This is done for every `xb` and `yb` in the batch

__20. Why is using callbacks better than writing a new training loop for each tweak you want to add?__

Consistent and well defined

Modularity



__21. What aspects of the design of fastai's callback system make it as flexible as copying and pasting bits of code?__

The callback can read every piece of information availiale in the training loop. Fastai provides this functionality.

__22. How can you get the list of events available to you when writing a callback?__

Type `event.` and hit Tab

__23. Write the `ModelResetter` callback (without peeking).__

In [None]:
class ModelResetter(Callback):
    def begin_train(self): self.model.reset()
    def begin_validate(self): self.model.reset()

__24. How can you access the necessary attributes of the training loop inside a callback? When can you use or not use the shortcuts that go with them?__

You can create specialised functions in the callback itself. The names of these functions should match the print out from the events variable.

You can access attributes associated with the learner such as model and data.
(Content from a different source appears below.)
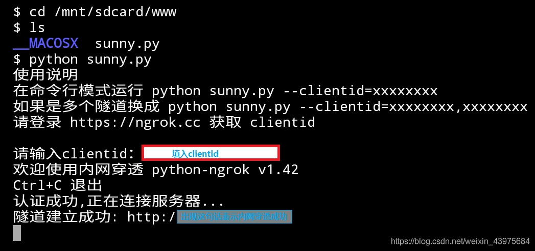 <text>看到这个界面表示内网穿透成功了:-)</text></br>
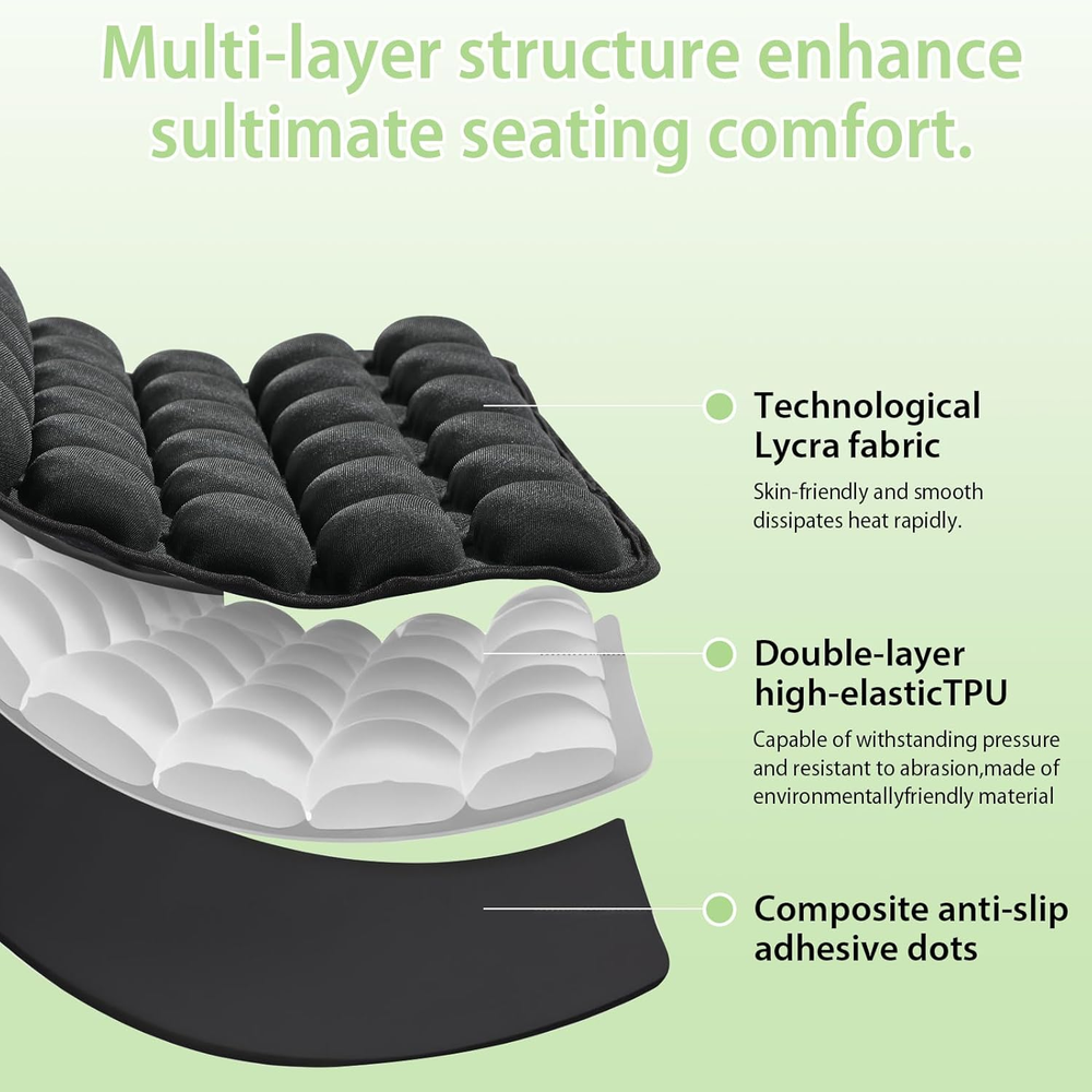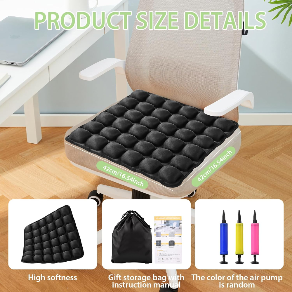 Sondur Travel Cushion Airplane Seat, Portable Inflatable Travel Seat Cushion for Long Flights, Office Chair, Wheelchair, Cars, Home Living, Ergonomic Comfort Support 【Ergonomic Design】: Engineered to address common airplane seat discomfort, this cushion contours to your body's curves. It prevents fatigue during extended periods of sitting, helping you conquer long flights and leave “flight anxiety” behind. 【Lightweight and Portable】: Fits Any Seat Measuring 16.77 inches × 16.77 inches × 1.38 inches, sondur travel cushion fits standard airplane seats, car seats, and office chairs. It easily slips into your carry-on bag, ready for business trips or getaways, ensuring consistent comfort wherever you go. 【Comfort & Pressure Relief】: Experience space-age comfort with our 3D Air Cell Technology system. Independently tested to provide 72% greater pressure relief than memory foam cushions. Hexagonal air chambers simulate zero-gravity support, offering relief for your tailbone during flights exceeding 12 hours. 【Premium Materials & Sandwich Construction】: Durable and hygienic. Crafted from high-quality TPU material, it offers puncture resistance and easy cleaning. The breathable surface prevents sweating, unlike bulky memory foam cushions. 【Universal Anti-Slip Design】: Silicone grips securely anchor to airplane seats, car seats, wheelchairs, and office chairs, ensuring stability even during turbulence or sudden movements. 【Airplane Seat Cushion Customizable Comfort】 After being filled with air, you can press the exhaust valve button to adjust the gas in the seat cushion to a comfortable level. The daily airplane seat cushion can be inflated to 60-70%; the inflation volume is 40-50% during flight to cope with changes in plateau pressure. 【Ergonomic Design】: Engineered to address common airplane seat discomfort, this cushion contours to your body's curves. It prevents fatigue during extended periods of sitting, helping you conquer long flights and leave “flight anxiety” behind. 【Lightweight and Portable】: Fits Any Seat Measuring 16.77 inches × 16.77 inches × 1.38 inches, sondur travel cushion fits standard airplane seats, car seats, and office chairs. It easily slips into your carry-on bag, ready for business trips or getaways, ensuring consistent comfort wherever you go. 【Comfort & Pressure Relief】: Experience space-age comfort with our 3D Air Cell Technology system. Independently tested to provide 72% greater pressure relief than memory foam cushions. Hexagonal air chambers simulate zero-gravity support, offering relief for your tailbone during flights exceeding 12 hours. 【Premium Materials & Sandwich Construction】: Durable and hygienic. Crafted from high-quality TPU material, it offers puncture resistance and easy cleaning. The breathable surface prevents sweating, unlike bulky memory foam cushions. 【Airplane Seat Cushion Customizable Comfort】 After being filled with air, you can press the exhaust valve button to adjust the gas in the seat cushion to a comfortable level. The daily airplane seat cushion can be inflated to 60-70%; the inflation volume is 40-50% during flight to cope with changes in plateau pressure. 8.74 inches x 8.9 inches x 2.99 inches. Weight: 1.04 lb Item model number sondur travel cushion Age Range (Description) Adult Color Black Fabric Type Tpu Item Weight 1.04 pounds Shape Rectangular Use for Buttocks Model Name sondur travel cushion Recommended Uses For Product Driving Fill Material Polyurethane (PU) Special Feature Foldable Package Dimensions 8.9 x 8.74 x 2.99 inches

The full list in mentioned in the chapter.

__25. Write the `TerminateOnNaN` callback (without peeking, if possible).__

In [None]:
class TerminateOnNaN(Callback):
    run_before = Recorder
    def after_batch(self):
        if torch.isinf(self.loss) or torch.isnan(self.loss):
            raise CancelFitException

__26. How do you make sure your callback runs after or before another callback?__

You can use the `run_before` or `run_after` parameter